With the recent advances in cryo-EM techniques, the cation channel field has gained a new understanding of ion channel structure–function relationships with never-seen-before molecular details during the last two years. Although it has often been pointed out that the conditions under which cryo-EM is performed are very unphysiological, we believe that the field is getting closer to understanding the full gating cycle of both voltage- and ligand-gated channels at the atomistic level as they progress from the resting to the open and the inactivated state. Of course, ion channel function is inherently dynamic, and a complete understanding of the mechanisms of gating⁴⁴ and permeation and selectivity⁴⁵ as well as the visualization of ion flow at the atomistic level⁴⁴ will only be possible with the aid of molecular dynamics (MD) simulations.

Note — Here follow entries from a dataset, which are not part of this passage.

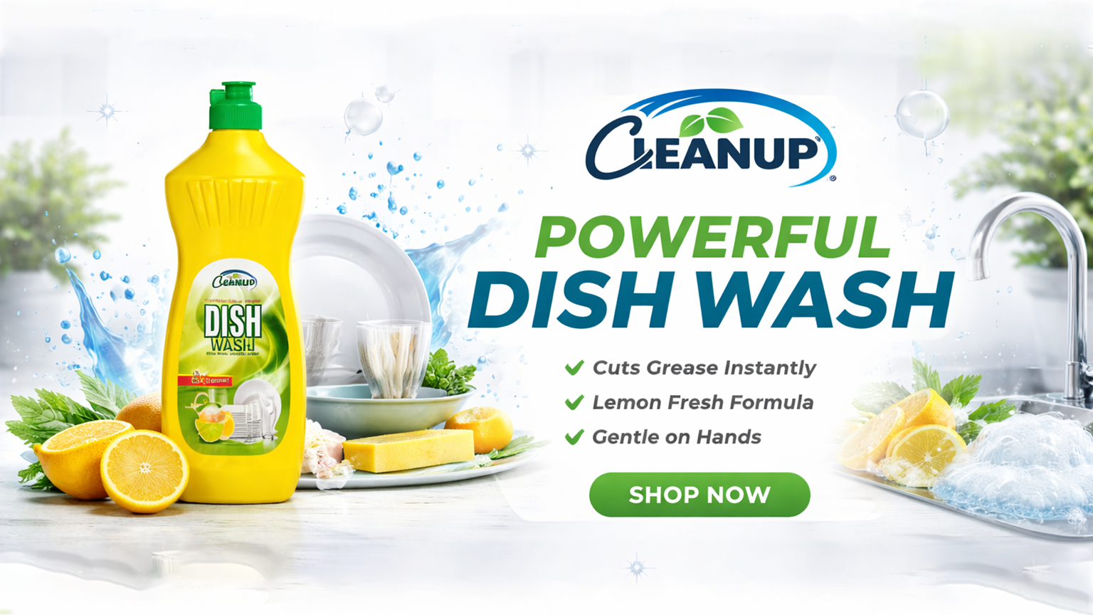 Dish Wash Liquid | Powerful Grease Cutting | Fresh Lemon Clean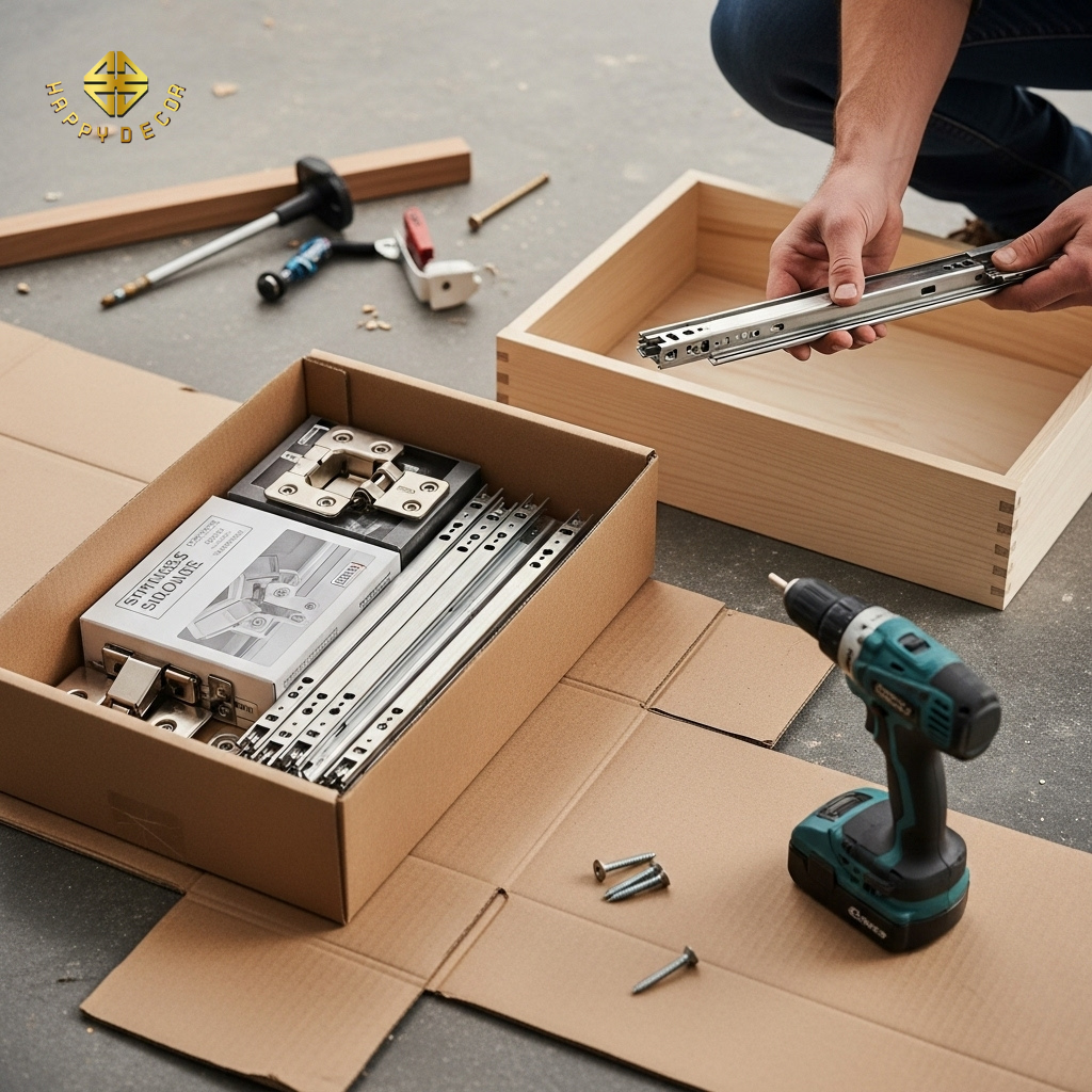 Phụ kiện đi kèm: Bản lề giảm chấn inox 304 chính hãng (Blum, Hafele, Garis) có giá cao gấp 5-10 lần so với bản lề sắt thông thường. Nhiều xưởng mộc giảm giá thành bằng cách "trộn" phụ kiện rẻ tiền vào những vị trí khuất, khiến bộ tủ nhanh chóng bị xệ cánh hoặc rỉ sét.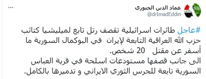 وقال في تغريدة عبر "تويتر" رصدها "المشهد العربي": "عاجل طائرات اسرائيلية تقصف رتل تابع لميليشيا كتائب حزب الله العراقية التابعة لإيران في البوكمال السورية ما أسفر عن مقتل 20 شخص. إلى جانب قصفها مستودعات أسلحة في قرية العباس السورية تابعة للحرس الثوري الايراني وتدميرها بالكامل".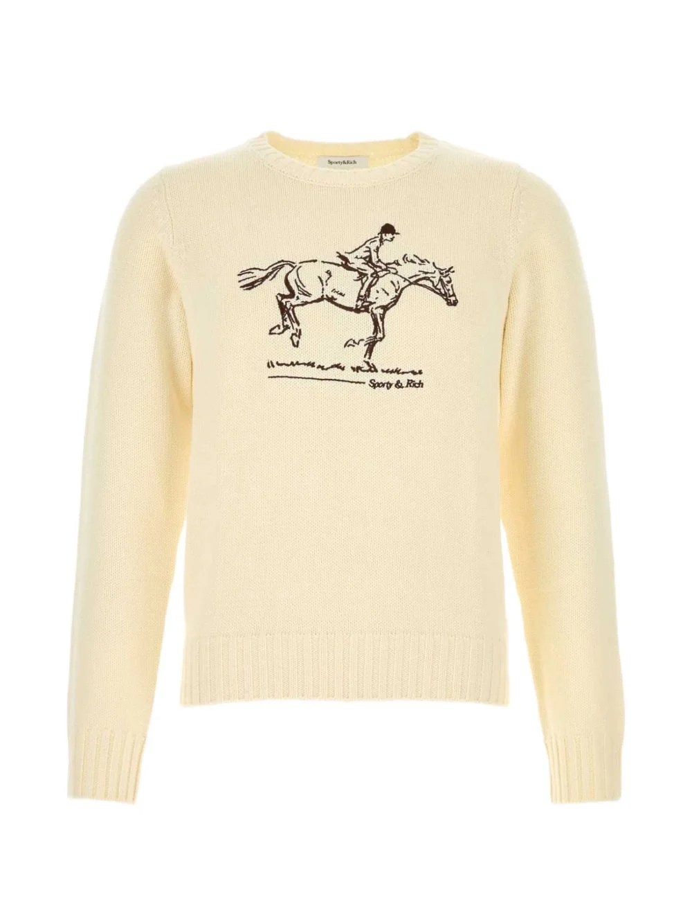 equestrian-print sweater Highlights - Ecru beige - Equestrian graphic - Round neck Imported Composition Cotton 100% Washing instructions Read Manufacturer Guidelines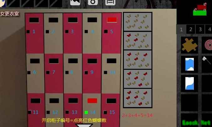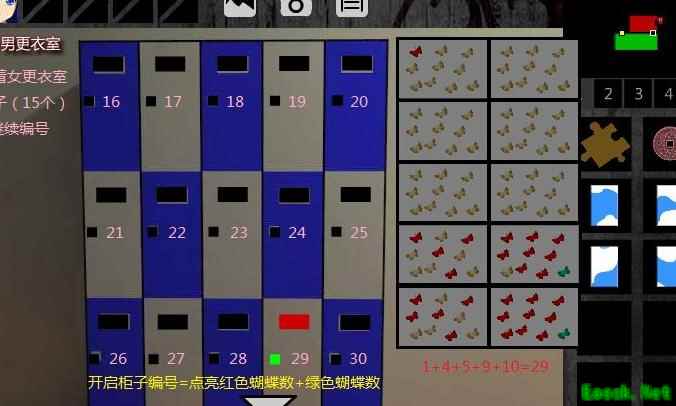 为柜子编号后发现,开启的柜子数量等于点亮的红蝴蝶数量。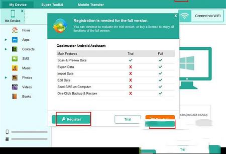 3、您可以通过USB电缆或WiFi将您的Android设备连接到该程序。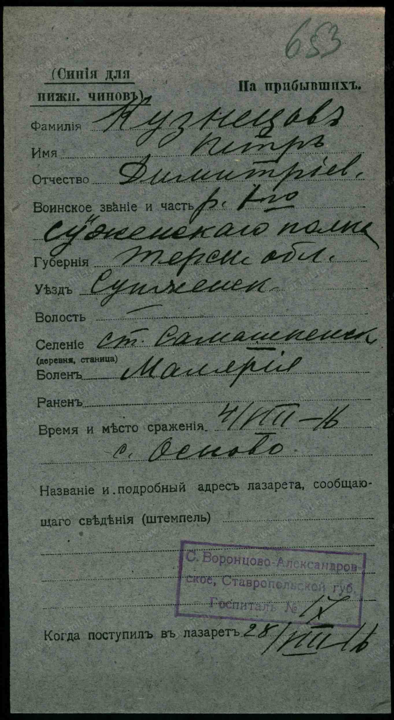 Тип документа Карточка на прибывших (нижние чины)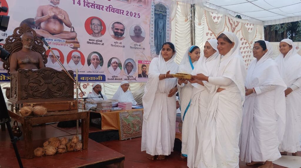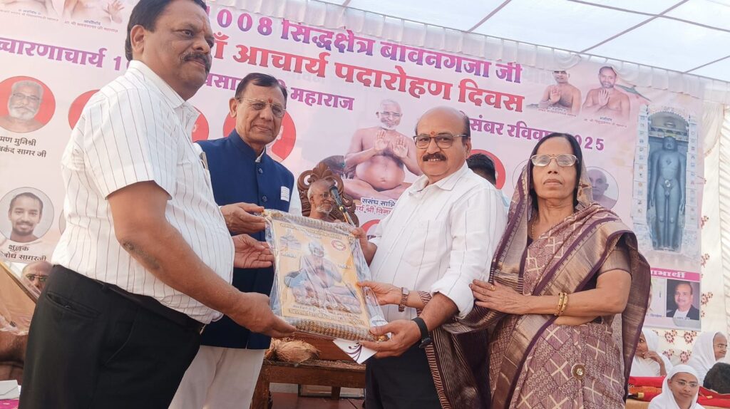 गुरु भक्तों ने आचार्य श्री के पाद प्रक्षालन धर्मेंद्र जी जैन विजय नगर और अन्य भक्तों ने कर शास्त्र भेंट किए,क्षुल्लिका प्रभा श्री माताजी का भी आज दीक्षा दिवस है उन्होंने भी आचार्य श्री को शास्त्र भेंट किया और अशोक कुमार जी सतना वालो ने भी शास्त्र भेंट किए बावनगजा ट्रस्ट कमेटी के अध्यक्ष विनोद दोशी ने स्वागत भाषण प्रस्तुत किया,और बाहर से आए अतिथियों का ट्रस्ट कमेटी ने और चातुर्मास कमेटी ने सम्मान पगड़ी,अंगवस्त्र,मोतियों की माला और तिलक लगा कर किया।

Whether these structures will truly enable structure-based drug design and accelerate ion channel drug discovery is a different question in our opinion. Drug development has many aspects: first and foremost, target validation, which is why it is crucial to gain what is often termed “deep” understanding of the biology of ion channels. As the last two years have again demonstrated, we are still learning new biology, as revealed by the unexpected role of the Piezo channels in blood pressure regulation and breathing or the importance of mitochondrial K_Na1.2 channels in energy consumption and fat metabolism.